Figure 11 has displayed loss curves of the above-mentioned three methods. In Figure 11, the loss values of the generators are gradually reduced to convergence. The loss of SDE-ConSinGAN has less fluctuation and converges faster. However, although the training results of SinGAN and ConSinGAN can converge, most of their generated images do not reflect the diversity. Therefore, the loss curve cannot fully reflect the effect of strip defect image generation.

4.3. Image Cutting and Stitching

After the model training of SDE-ConSinGAN is completed, the feature cutting and splicing operation is performed on any two original image models in order to solve the problem of creativity insufficiency of a single image. Among the two images corresponding to the same type of defect, one is selected as the source domain, and the other is regarded as the target domain. A clipping mask is created in the source domain to extract its image features, and then it is stitched into the target domain image. In this way, the new picture can have the features from two images, as is shown in Figure 12.
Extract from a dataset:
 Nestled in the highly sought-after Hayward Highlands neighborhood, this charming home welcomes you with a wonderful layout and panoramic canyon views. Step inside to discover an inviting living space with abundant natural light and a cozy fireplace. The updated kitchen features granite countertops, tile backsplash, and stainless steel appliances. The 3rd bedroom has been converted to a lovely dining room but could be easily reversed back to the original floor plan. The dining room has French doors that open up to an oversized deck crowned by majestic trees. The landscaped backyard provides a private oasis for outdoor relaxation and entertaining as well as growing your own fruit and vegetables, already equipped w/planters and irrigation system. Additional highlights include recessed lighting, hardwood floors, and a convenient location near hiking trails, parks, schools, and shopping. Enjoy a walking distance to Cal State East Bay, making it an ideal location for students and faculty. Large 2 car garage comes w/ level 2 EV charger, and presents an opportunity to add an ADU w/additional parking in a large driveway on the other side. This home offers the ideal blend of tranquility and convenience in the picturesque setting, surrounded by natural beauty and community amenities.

In Figure 12, features of three scratch defects, namely, short and long vertical scratches and transverse scratches, are cut and spliced. Only two original images can be spliced into a new image for training, and the way that source domain, target domain, and masks are selected varies greatly. Therefore, there will be more newly generated images each time an available image sample is added. The synthesized images are applied to SDE-ConSinGAN as new original samples for training, with the aim of enriching samples and obtaining more diverse images, as is exhibited in Figure 12. In this way, the SDE-ConSinGAN model can have more choices and solve the fundamental problem of less diversity of generated images.
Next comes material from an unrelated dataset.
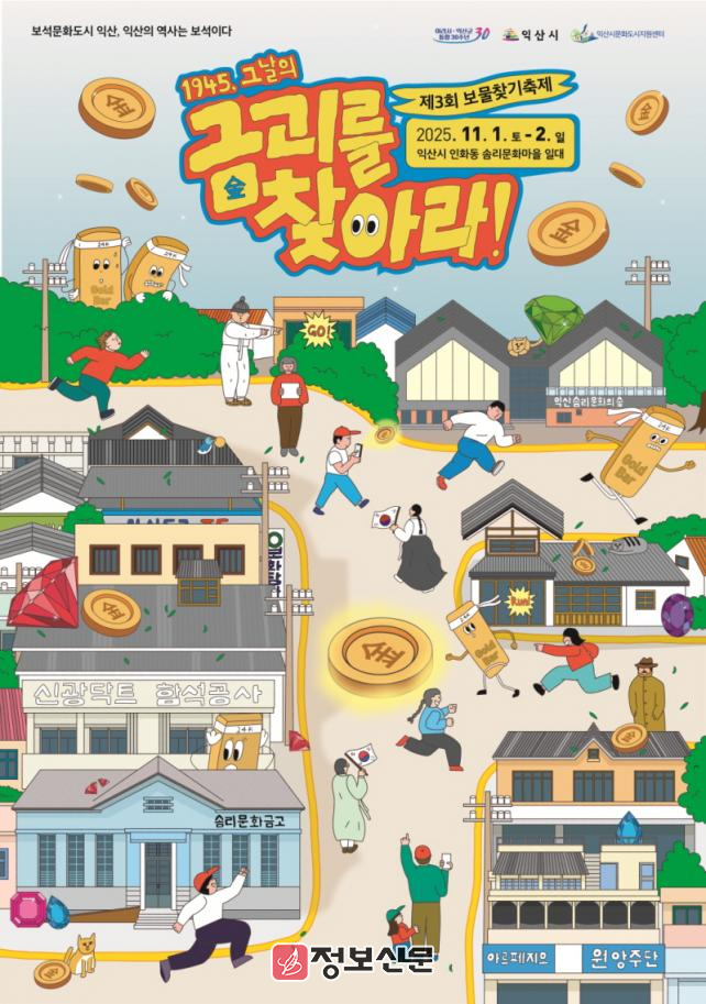 익산시와 익산시문화도시지원센터는 오는 11월 1~2일 오전 10시부터 오후 6시까지 인화동 솜리문화마을 일대에서 '2025 제3회 보물찾기축제-금괴를 찾아라'를 개최한다고 27일 밝혔다.

According to the results displayed in Figure 13, it is found that it is feasible to adopt SDE-ConSinGAN for image generation and Graphcut for feature fusion. The generated images obtained through the synthetic images combined partial features of target images and original ones, thus successfully accomplishing the migration among different features from the same category.

4.4. Quantitative Evaluation

Since the trained loss curves and visual representation are not the best criteria to evaluate a single-image-generation model, it is necessary to adopt a quantitative evaluation method.

4.4.1. Image-Generation Quality

SSIM index is used to evaluate the similarity of the generated images for each defect type in the experiments [21]. First, original images are scaled and reconstructed to the size with the same resolution as the generated images. Second, the SSIM index is obtained by calculating parameters of generated images and original images. Finally, the SSIM index of each type of image is averaged to obtain the image SSIM index. Table 2 lists the SSIM index values of six defect images through different generation methods. Each image can generate 600 images based on 10 original samples. The similarity indexes through the SSIM measurement system can be calculated through three contrast modules, namely, brightness, contrast, and structure. A larger SSIM value always indicates greater similarity of generated images to original ones. In other words, a smaller SSIM value always indicates better image generation. The experimental results fully indicate that the SSIM values among different defect types vary greatly, mainly because the image sample defects include structural and texture defects. The former means that the image defects which are in a concentrated distribution have strong structures, such as Sc, Pa, and In. The latter refers to the fact that the image defects which are in an even distribution have a strong sense of texture, such as Cr, PS, and RS.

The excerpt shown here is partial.